Weak demand and a supply glut sent crude to new five-and-a-half-year lows, with analysts tipping further losses this week.

The US benchmark, West Texas Intermediate for February delivery, lost US$1.06 to US$47.30 a barrel, while Brent was down US$1.32 to US$48.79.

Singapore's United Overseas Bank said in a commentary: "Oil prices continued to tumble and headed for a seventh straight weekly loss as key producers show no sign of cutting output in the face of a supply glut." Crude prices have lost more than half their value since the middle of last year, with weakness in key markets China and the eurozone adding to the supply and demand crisis.

Wall Street provided a negative lead for stock markets after figures showed US wages grew 1.7 per cent year-on-year in December, barely keeping up with inflation and indicating consumer spending power remained low.

The Dow slipped 0.95 per cent Friday, the S&P 500 fell 0.84 per cent and the Nasdaq lost 0.68 per cent.

Traders latched on to the data, ignoring the fact that unemployment fell to 5.6 per cent, the lowest level in six and a half years, while 252,000 new posts were created in December to cap the best year for job creation since 1999.

"Despite the robust US jobs data, markets chose to focus on the weak wages growth and the likelihood that it will keep the Fed Reserve 'patient' about any rate hike," United Overseas Bank said.

Economists took the report as allowing the Fed to delay raising interest rates. This dented speculation of an increase in April and made the dollar less attractive to investors.

"This tug of war between deflation and expectations of the first rate hike in many years by the US Fed is likely to result in intense volatility," Nader Naeimi at AMP Capital Investors in Sydney, told Bloomberg TV.

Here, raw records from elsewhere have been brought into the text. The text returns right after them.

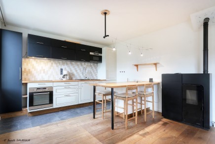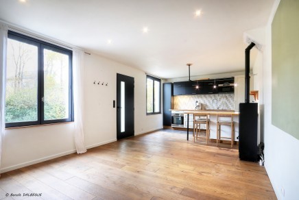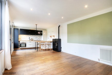 1er étage : Une grande pièce de vie chaleureuse avec cuisine ouverte, aménagée et équipée avec accès direct à une spacieuse terrasse plein sud de près de 30 m², sans aucun vis-à-vis.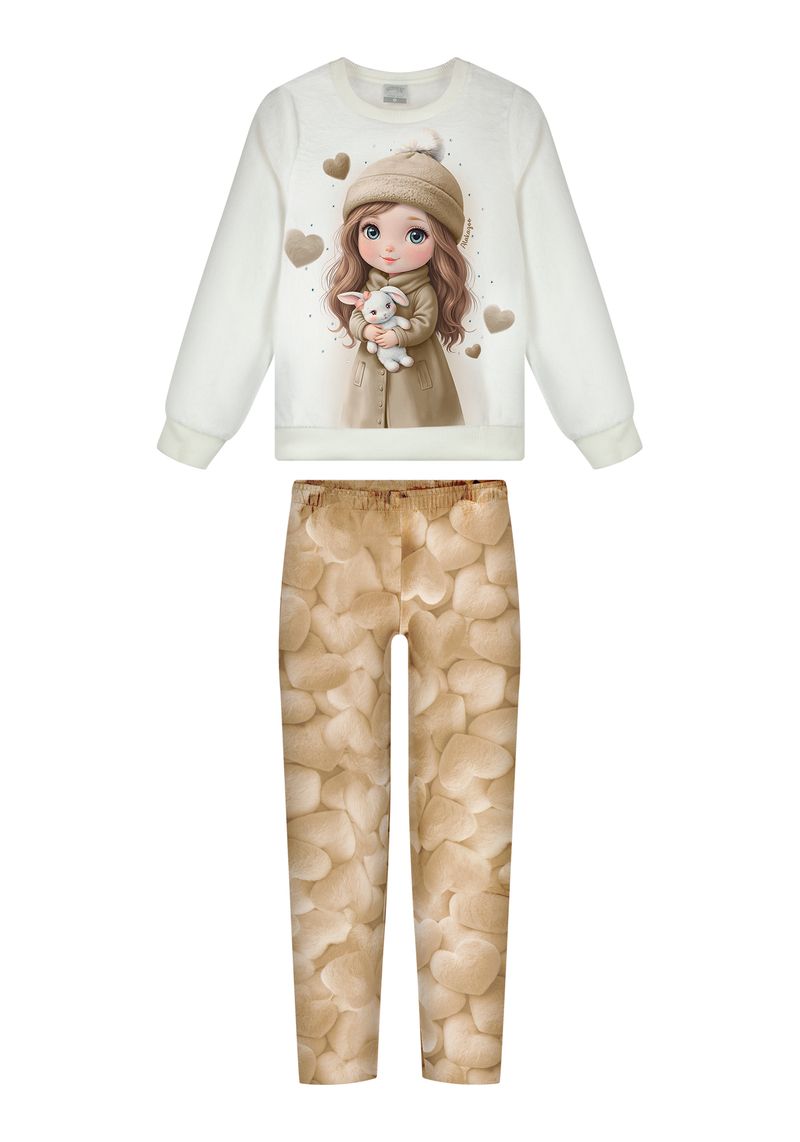 Conjunto Feminino Infantil Alakazoo A8155 Material: PELO FLUFFLY E MOLETINHO SOFT Manga: MANGA LONGA COM PUNHO Barra: BARRA TRADICIONAL Abertura: FECHADA Strass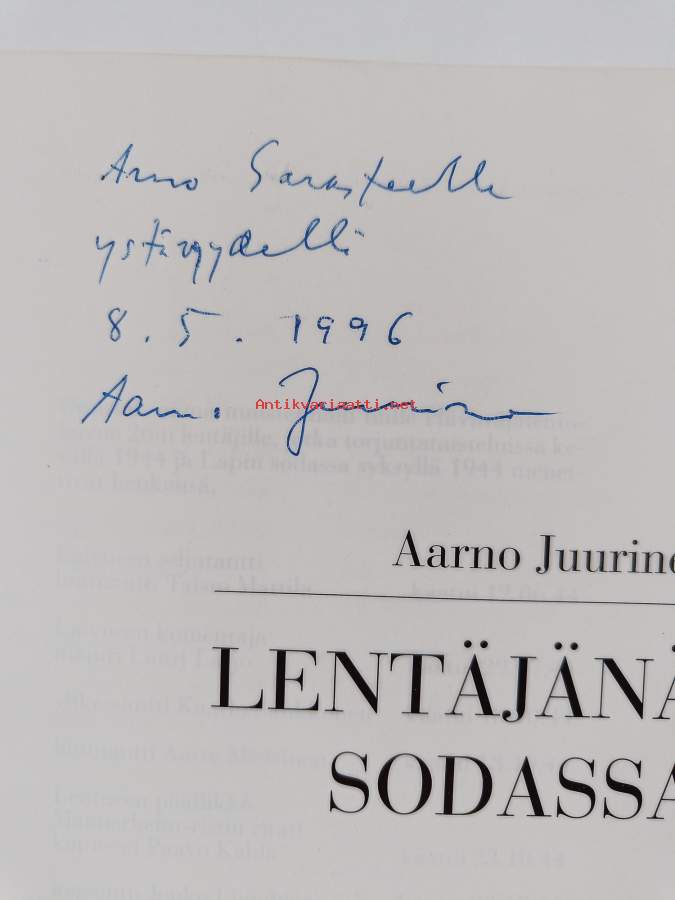 Lentäjänä sodassa (signeerattu, tekijän omiste)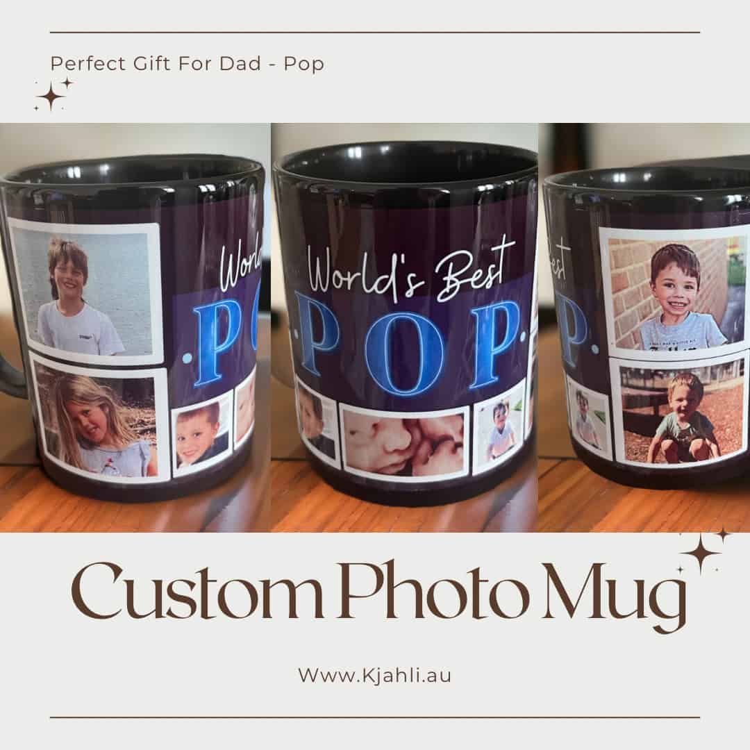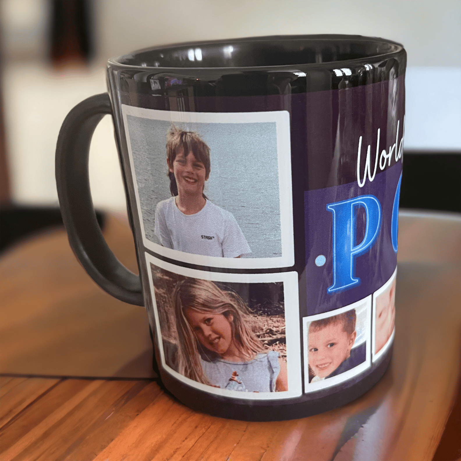 Give Dad, Pop or even Step Dads a gift they will love with these custom photo mugs. Send us your photos and we will edit and arrange on the mug for you. Add any wording you like.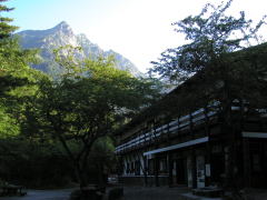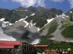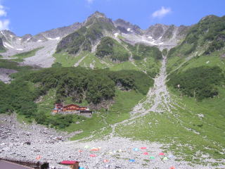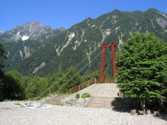 | 釜トンネルのゲート | 明神から見上げる明神岳 | 横尾の吊橋 | 涸沢小屋 |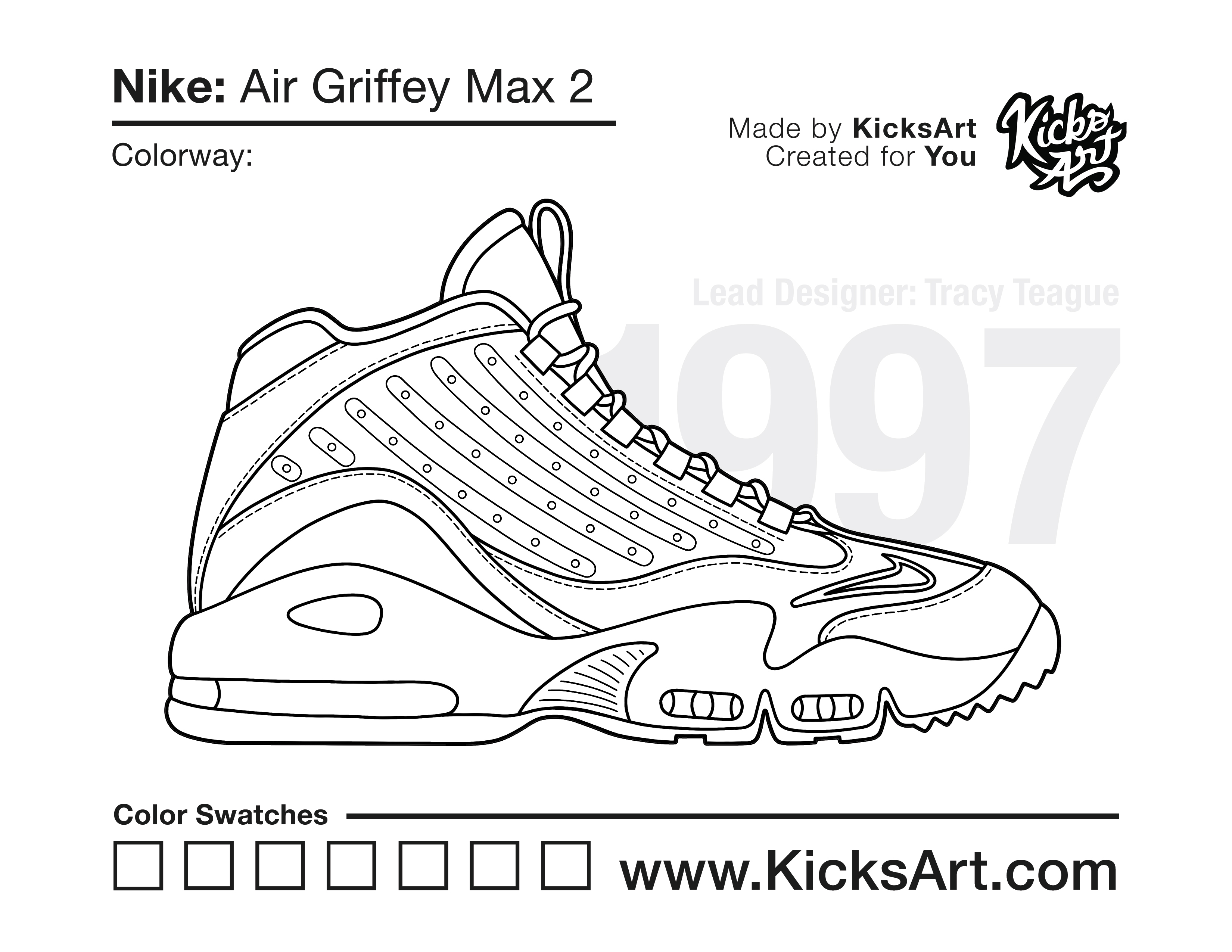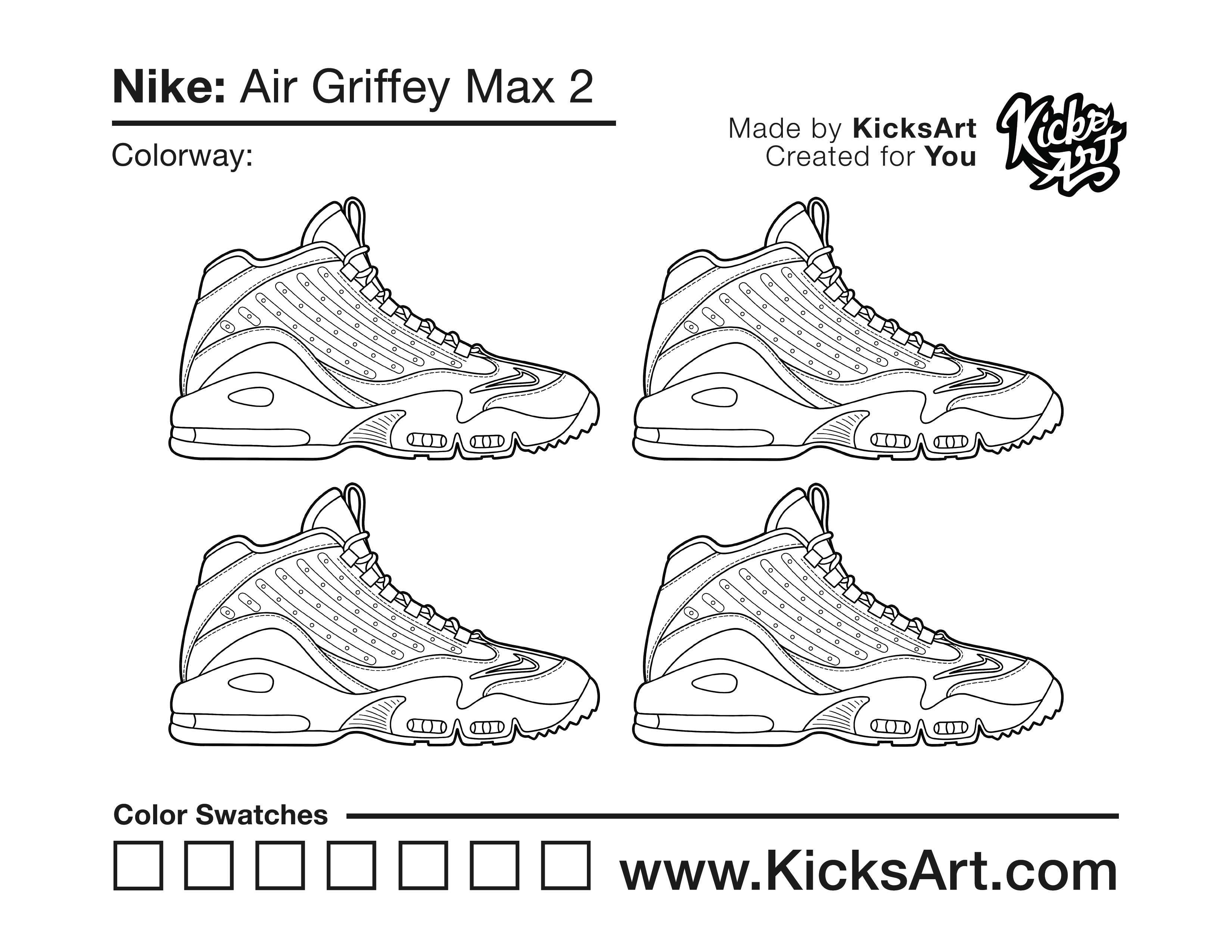 Nike Air Griffey Max 2 Sneaker Coloring Pages July 29, 2021 kicksart05 For any sneaker coloring page, click on the button above the image to start the instant download! FREE Download: Nike Air Griffey Max 2 Art materials can be expensive!Try out colorways on these smaller templates so your supplies can last longer! Nike Air Griffey Max 2 (4UP)

In Asian trade the dollar bought 118.48 yen compared with 118.46 yen on Friday in New York.

The euro fetched US$1.1846 against US$1.1842, while it was also at 140.22 yen compared with 140.29 yen.

Gold cost US$1,226.49 an ounce, compared with US$1,211.42 on Friday.

In other markets: - Taipei fell 0.40 per cent, or 37.28 points, to 9,178.3.

Taiwan Semiconductor Manufacturing Co eased 1.49 per cent to NT$132.0, while Hon Hai Precision Industry was 0.92 per cent lower at NT$85.7.

- Wellington rose 0.45 per cent, or 24.96 points, to 5,609.80.

Contact Energy was up 1.73 per cent at NZ$6.47 and Spark rose 0.32 per cent to NZ$3.16.

- Manila closed 0.60 per cent lower, giving up 44.36 points to end at 7,358.36.

Ayala Land fell 2.86 per cent to 34 pesos while Metropolitan Bank and Trust slipped 0.56 per cent to 88 pesos.